Generator for delay-matched clock and data signals

A delay matched clock and data generator utilizes a re-timing element having the functionality of a two-input multiplexer, connected and operated such that the level on the output(s) is controlled from level control inputs, and the timing of transitions on the output(s) is controlled from timing control inputs. The level control inputs on the re-timing element correspond to the data input(s) on an equivalent multiplexer. The generator further has control inputs for stopping the clock low or stopping the clock high, and the generator may be operated for polarity independent clock gating or clock synthesis.

TECHNICAL FIELD
 This invention pertains to data transfer from a data source to a
 destination for the data and more precisely, to data transfer where the
 data source provides both data signals and a clock signal to the
 destination, whereby this clock signal is used for clocking data receiving
 flip-flops at the destination.
 BACKGROUND
 Synchronous systems provide many advantages in design and use. Pacing the
 system with a global clock enhances robustness and simplifies the logic
 design by making timing restrictions single bound. Lower bound delay
 problems are taken care of by the clock system. As system clock speeds
 have increased, clock buffer delays have created problems in that clock
 signals are not switching simultaneously everywhere in the system. This
 can be overcome to varying degrees by three types of improvements:
 1) At moderately high clock frequencies the delays associated with on-chip
 clock buffering dominates. This means the clock signals actually clocking
 flip-flops and/or other clocks elements on the circuits lag the global
 reference clock substantially. By the use of a PLL based on-chip clock
 buffer system the delays associated with clock buffering and on-chip clock
 distribution can be canceled.
 2) When even higher speed data signals are sent over some distance in
 general, and from one circuit to another in particular, signal delays can
 render the use of a global synchronous clock impossible. The finite signal
 propagation velocity in electrical or optical distribution makes the
 concept of contemporaneousness or simultaneity meaningless. Often, this
 limitation is overcome by the use of a synchronization circuitry,
 adaptively adjusting the phase relation between clock and data signal at
 the destination, in the receiver's phase domain. Synchronization
 circuitry, increases system cost and power consumption.
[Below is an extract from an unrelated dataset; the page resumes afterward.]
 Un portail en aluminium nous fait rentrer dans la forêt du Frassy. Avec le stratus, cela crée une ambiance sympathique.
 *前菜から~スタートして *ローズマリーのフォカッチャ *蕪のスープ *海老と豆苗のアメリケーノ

 3) For high frequency signals sent over fairly short distances in
 controlled signalling environments, a more simple solution is possible.
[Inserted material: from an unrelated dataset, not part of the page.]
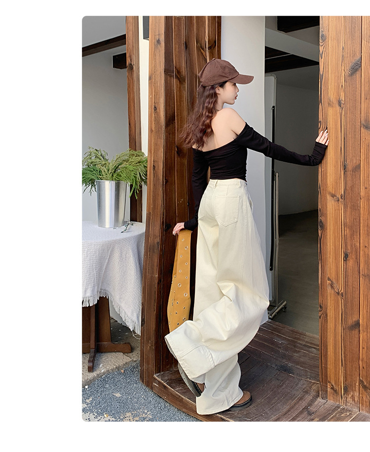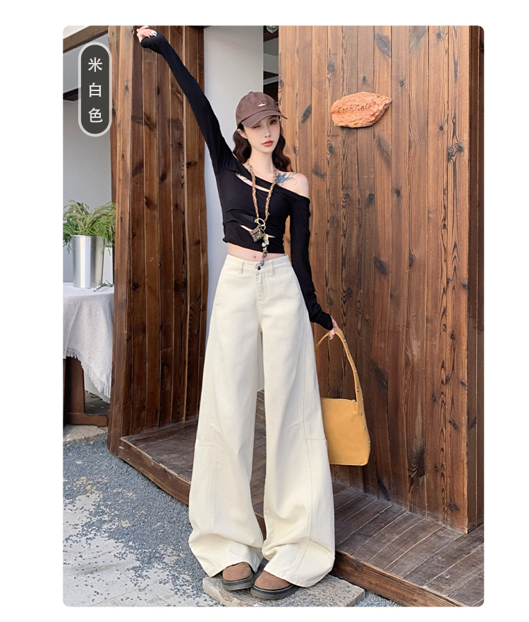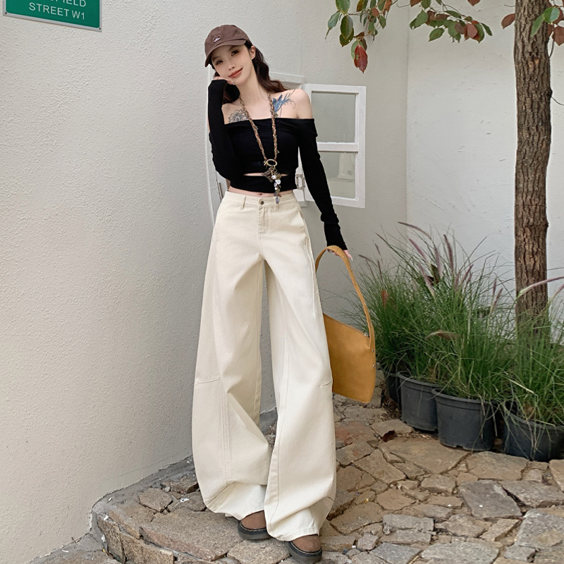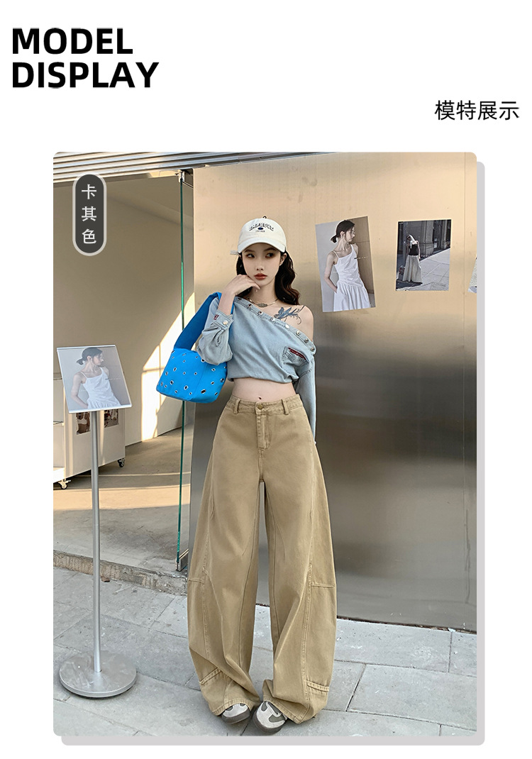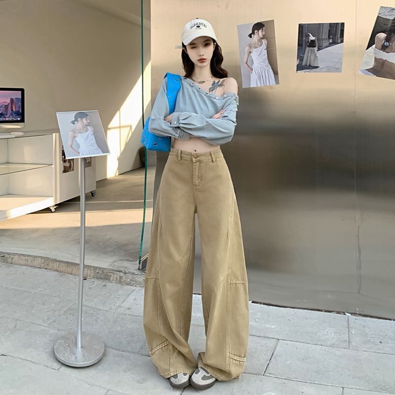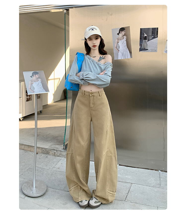 카키색 세이버 진 여성용 겨울용 기모 안감 두꺼운 레트로 스플라이싱 디자인 루즈핏 와이드 레그 카이트 팬츠 트렌디스토어 가기

 The problem of strobing or clocking the data signal at the proper instant
 can be overcome by sending both a data and a clock signal from the data
 source to the destination via carefully delay matched wiring. This clock
 signal is used in the receiver for strobing data at times when the data
 has valid logic levels only.
 A typical application according to prior art using clock and data transfer
 is demonstrated in FIG. 1, which is an all differential signal
 implementation.
 Modern integrated circuit technology allows higher and higher clock
 frequencies to be used for the data transfers. This puts higher and higher
 demands on matching of all delays in the signal paths for clock and data.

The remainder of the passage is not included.